To address this important issue, we investigated the association between pericardial fat and CVD outcomes after accounting for systemic markers of adiposity (insulin resistance and inflammation) and measures of hepatic fat in the MESA study. We further sought to understand the relationship between pericardial fat and CV structure using comprehensive cardiac magnetic resonance (CMR) assessment of left ventricular (LV) structure and function. We hypothesized that greater pericardial fat would be associated with poorer CVD outcomes and prevalent abnormalities in LV structure and function by CMR.
The overall design of the MESA study has been described previously (11). Briefly, the MESA study is a longitudinal cohort study consisting of 6,814 men and women 45 to 84 years of age, free of clinical CV disease at study enrollment. Participants were enrolled from July 2000 through August 2002 in Baltimore City and Baltimore County, Maryland; Chicago, Illinois; Forsyth County, North Carolina; Los Angeles County, California; New York, New York; and St. Paul, Minnesota (12). At the baseline visit (exam 1), standardized questionnaires were used to collect information on demographics, income and education, medical history, medication use, smoking status, alcohol use, and physical activity. Physical activity was calculated based on duration and intensity of total intentional exercise (metabolic equivalent minutes/week). Resting blood pressure, fasting blood glucose and insulin, BMI, and dysglycemia status were also assessed at exam 1, as described (13). The homeostatic model assessment was used to quantify insulin resistance (homeostatic model assessment for insulin resistance [HOMA-IR]; fasting insulin × fasting glucose/405) (13). C-reactive protein was measured as described (14).

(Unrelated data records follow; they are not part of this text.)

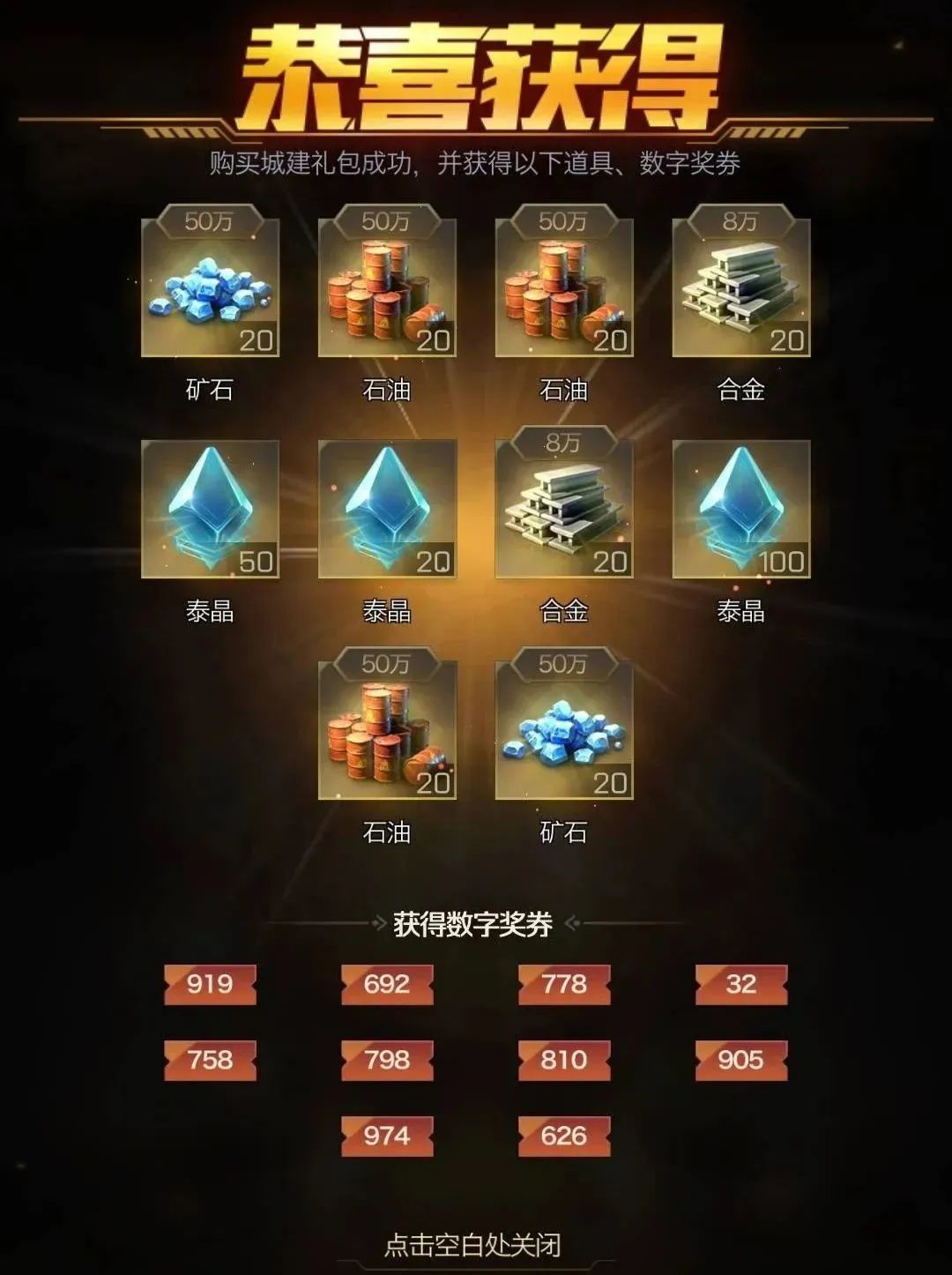 鸿运夺金活动期间大家可以通过花费金条购买城建礼包获得抽取道具和数字奖券的机会,每天最多可抽取500次,抽取到对应次数可领取抽奖次数奖励,奖励一共有三种,分别对应量子扩充石奖励、荣耀通用碎片奖励和泰矿母体奖励,每个任务奖励仅可领取一次,活动结束后未领取的任务奖励视为放弃。
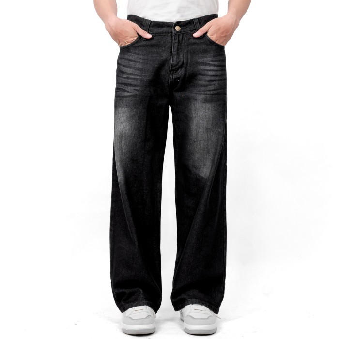 Celana Jeans Pria Washed Losse Straight Gombrong Komprang Skena Korean Style Baggy Pants Longgar
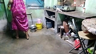 Indian bengali pinki vabi kitchen pe kam kar rahi thi or davor aakar maje se choda vabi ko or lund ka pura pani chut pe
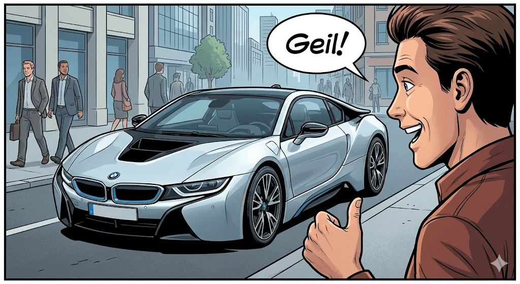 Originalmente significa «excitado sexualmente» (caliente). Pero en el 90% de los casos coloquiales actuales significa simplemente «Genial» o «Increíble». «Das Auto ist geil» (El auto está genial). ¡Úsalo con cuidado en contextos muy formales para evitar malentendidos!
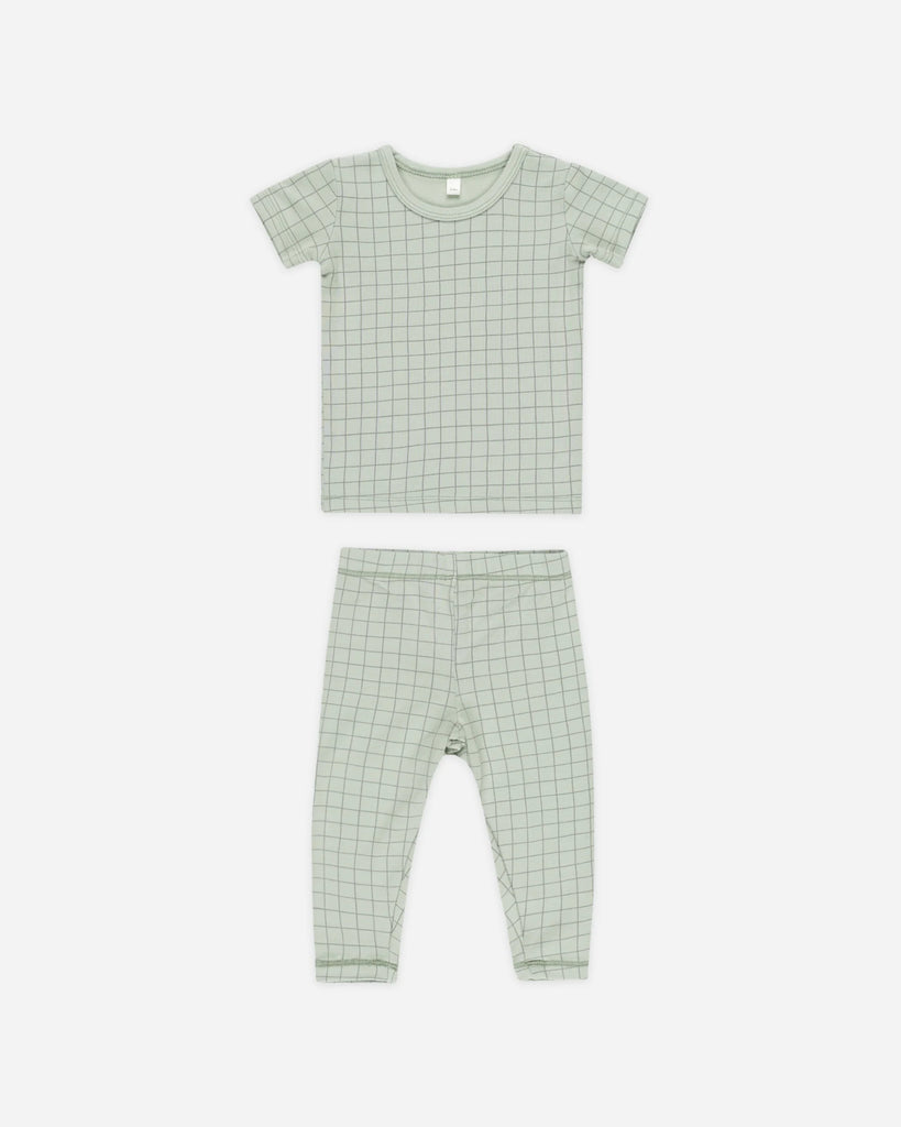 Quincy Mae Sage Grid Bamboo Short Sleeve Pajama Set
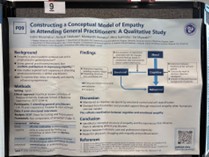 私は「Constructing a Conceptual Model of Empathy in Attending General Practitioners: A Qualitative Study」というタイトルで研究内容を発表しました。ポスター発表は今回が初めての経験であり、準備段階ではポスター1枚に研究内容をまとめることに苦戦しました。本研究はインタビューの内容を質的に分析する手法をとったため、研究結果は主に言葉で記述されました。そのため、ポスターに記載する語句と口頭で説明する内容を選別しながら制作することが難しいと感じました。また、ポスターが文字で溢れたものにならないように、視覚的な工夫が必要でした。こうした作業を通じて、研究の意義や伝え方に関する検討ができたことは、よい経験になったと感じました。当日は、聴き手の反応を間近で見ながら説明することに緊張しました。発表後には研究結果に対するコメントをいただくことができ、嬉しく感じました。基礎医学セミナーや国内学会での発表では手法に関連した質問が多かったため、結果・考察に目を向けたコメントをいただけたことは新鮮で、研究の意義を見直す機会になりました。
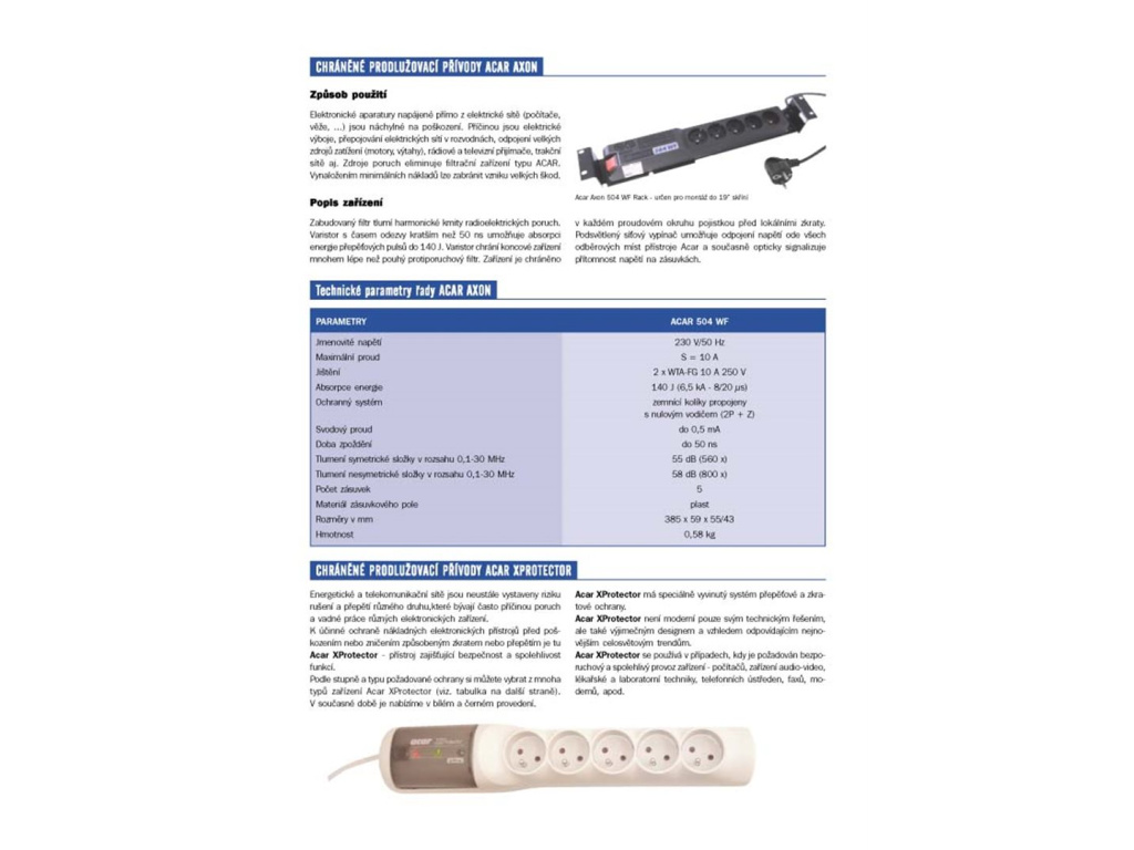 PŘEHLED Přepěťová ochrana Acar 504 WF Rack
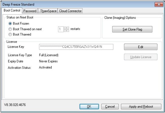 Boot Thawed: Hủy chế độ đóng băng sau khi máy tính đươc khởi động lại.
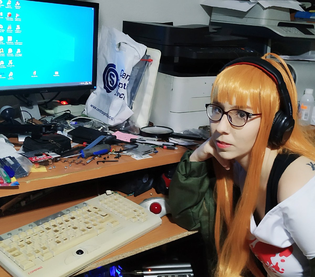 Futaba en su rincón de experta en informática. El desastre es intencionado 😂😂😂 #futaba #sakurafutaba #persona5 #persona5royal #cosplay #cosplaygirl
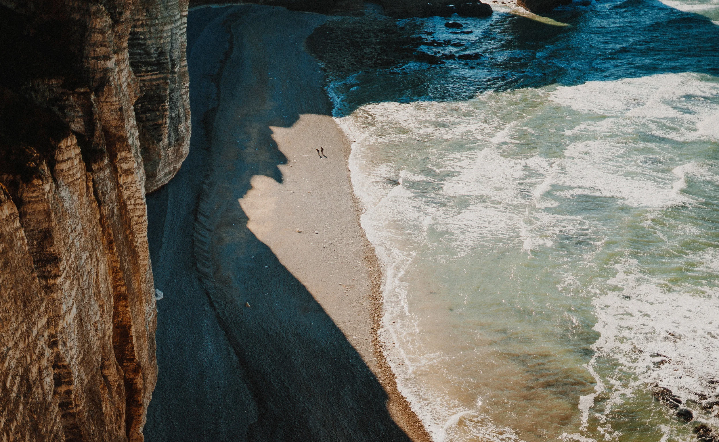 A large arch-shaped rock formation on the coast with waves crashing onto a sandy beach underneath, partially shaded by the cliffs.
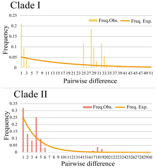 Mismatch distributions of two clades of P. anolama inferred from mtDNA sequences.
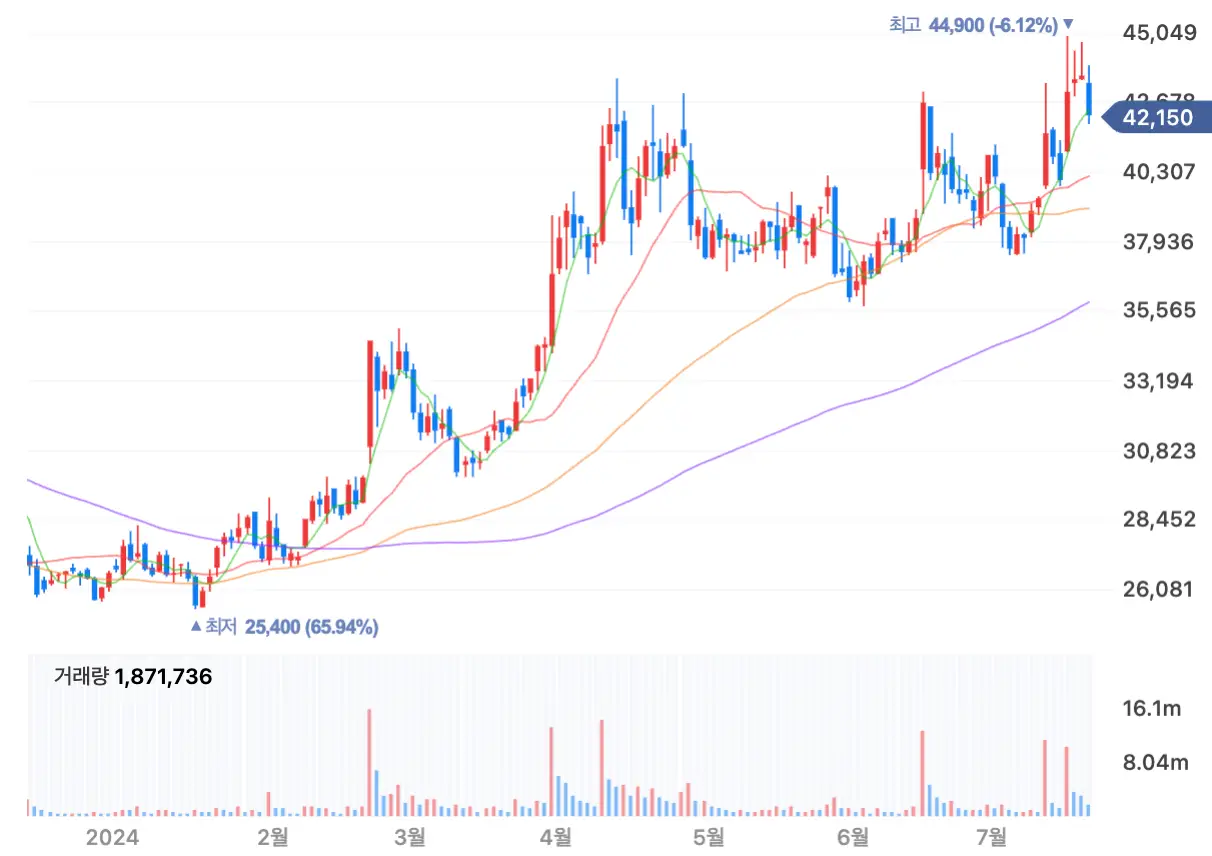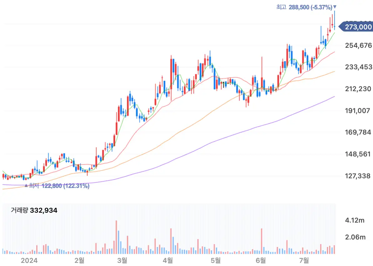 주가 역시 지난 1월 122,800원을 시작으로 줄곳 우상향의 모습을 보이고 있습니다.
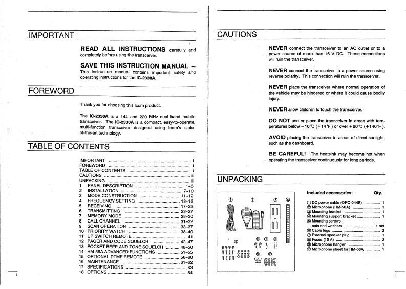 ic2330a_使用说明书手册找手册网31天前发布关注私信4.03MB34页046ic2330a_使用说明书手册此内容为付费资源,请付费后查看¥19¥21黄金会员免费钻石会员免费登录购买付费资源 第1页 / 共34页 第2页 / 共34页 第3页 / 共34页 第4页 / 共34页 第5页 / 共34页 第6页 / 共34页 第7页 / 共34页 第8页 / 共34页 第9页 / 共34页 第10页 / 共34页 试读已结束,还剩24页,您可下载完整版后进行离线阅读 THE END艾可慕 文本预览 Count on us!COMINSTRUCTION MANUALDUAL BANDFM TRANSCEIVERIC-2330AA52118.1U8Prirted in JapanIcom Inc.Cepyright1002 by licom Ine.6-0-16.Kamihigashi.Hirano-ku.Osaka 547,JapanIcom Inc. 查看更多 收起部分 喜欢就支持一下吧收藏
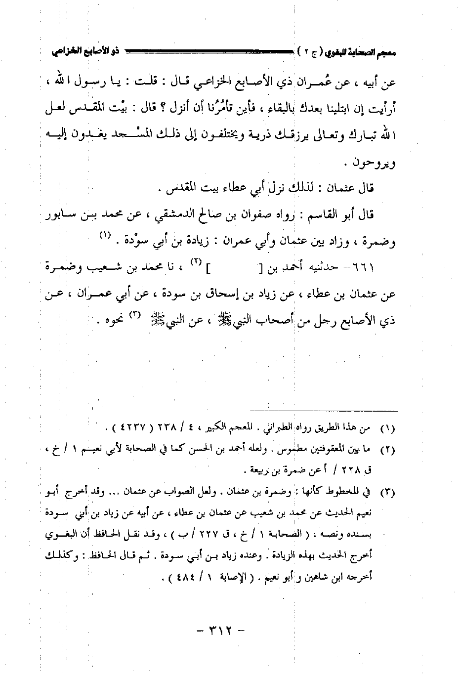 عن أبيه عن عمران ذي الأصابع الخزاعي قال: قلت: يارسول الله أرأيت إن ابتلينا بعدك بالبقاء فأين تأمرنا أن أنزل؟ قال: بيت المقدس لعل الله تبارك وتعالى يرزقك ذرية ويختلفون إلى ذلك المسجد يغدون إليه ويروحون.
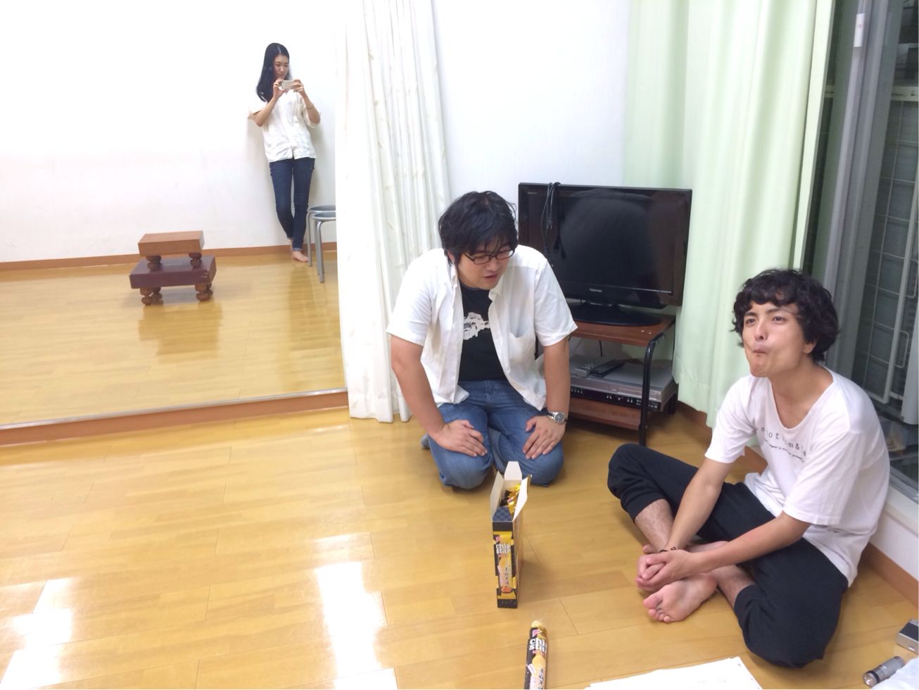 写真は昨日の稽古場に、不幸の星で軍人役を熱演してくれた田山夏輝くんが、なんと名古屋から!遊びに来てくれました。
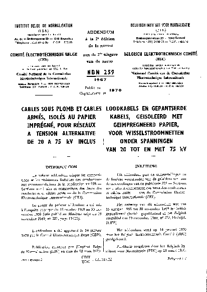 Cette norme est applicable aux câbles sous plomb et aux câbles armés, isolés au papier imprégné à champ radial, destinés aux lignes de transport et aux réseaux à fréquence industrielle pour des tensions nominales de 20 kV à 75 kV inclus.
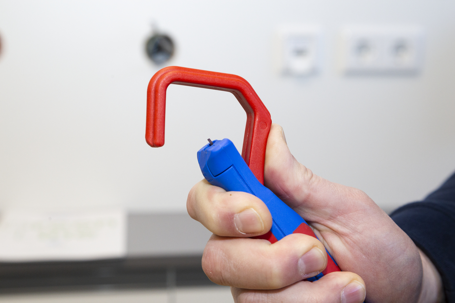 Rango de trabajo 35 - 50 mm Ø Gran diámetro del mango para una háptica óptima Tornillo de ajuste regulable sin escalonamientos y fácil de accionar Pelado preciso, rápido y seguro Cambio rápido de la cuchilla interior con cierre de bayoneta
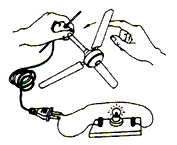 | 小明將微風(fēng)電風(fēng)扇與小燈泡按如圖所示的電路連接并進(jìn)行實(shí)驗(yàn),用手快速撥動風(fēng)扇葉片,這時發(fā)現(xiàn)小燈泡發(fā)光,微風(fēng)電風(fēng)扇居然變成了“發(fā)電機(jī)”。關(guān)于該實(shí)驗(yàn),下列說法正確的是 |
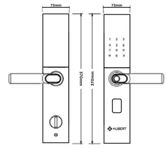 Kích Thước Linh Hoạt: Phù hợp với cửa có độ dày từ 40-90mm và độ rộng đố cửa từ 80mm trở lên, khóa điện tử Hubert dễ dàng lắp đặt trên nhiều loại cửa gỗ khác nhau.

From the initial MESA cohort studied at exam 1, we excluded patients with missing liver attenuation (or liver attenuation values >200 Hounsfield units, n = 201), missing pericardial fat volume (n = 25), those not included in CMR assessment of LV structure and function (n = 1,804), cirrhosis (n = 9), significant alcohol use (>7 drinks per week in women and >14 drinks per week in men; n = 232), and self-reported cancer (n = 345) or kidney disease (n = 99), yielding 4,234 MESA study participants for the final analytic sample. Protocols were approved by the Institutional Review Board at each participating institution, and all MESA study participants provided written informed consent.
CV and adiposity imaging
CMR imaging was performed at 1.5-T at the baseline examination, as previously described (5,15,16). MASS software version 4.2 (Medis, Leiden, the Netherlands) was used to perform analyses at a single reading center in a blinded fashion. Computed tomography (CT) imaging was used to determine hepatic attenuation (an index of liver fat content, with higher values indicating less liver fat content) (17) and pericardial fat volume (indexed to height) (10), as described. Briefly, liver attenuation was measured by placement of regions of interest (>100 mm2) in the right hepatic lobe (17). Pericardial fat included both epicardial and pericardial fat, as previously published (10). Briefly, the boundaries of pericardial fat volume were circumscribed by slices 15 mm above and 30 mm below the left main coronary artery (superior or inferior) and chest wall and aorta or bronchus (anterior or posterior). Fat was defined by attenuation (between −190 and −30 Hounsfield units), with the volume defined as sum of fat-containing voxels.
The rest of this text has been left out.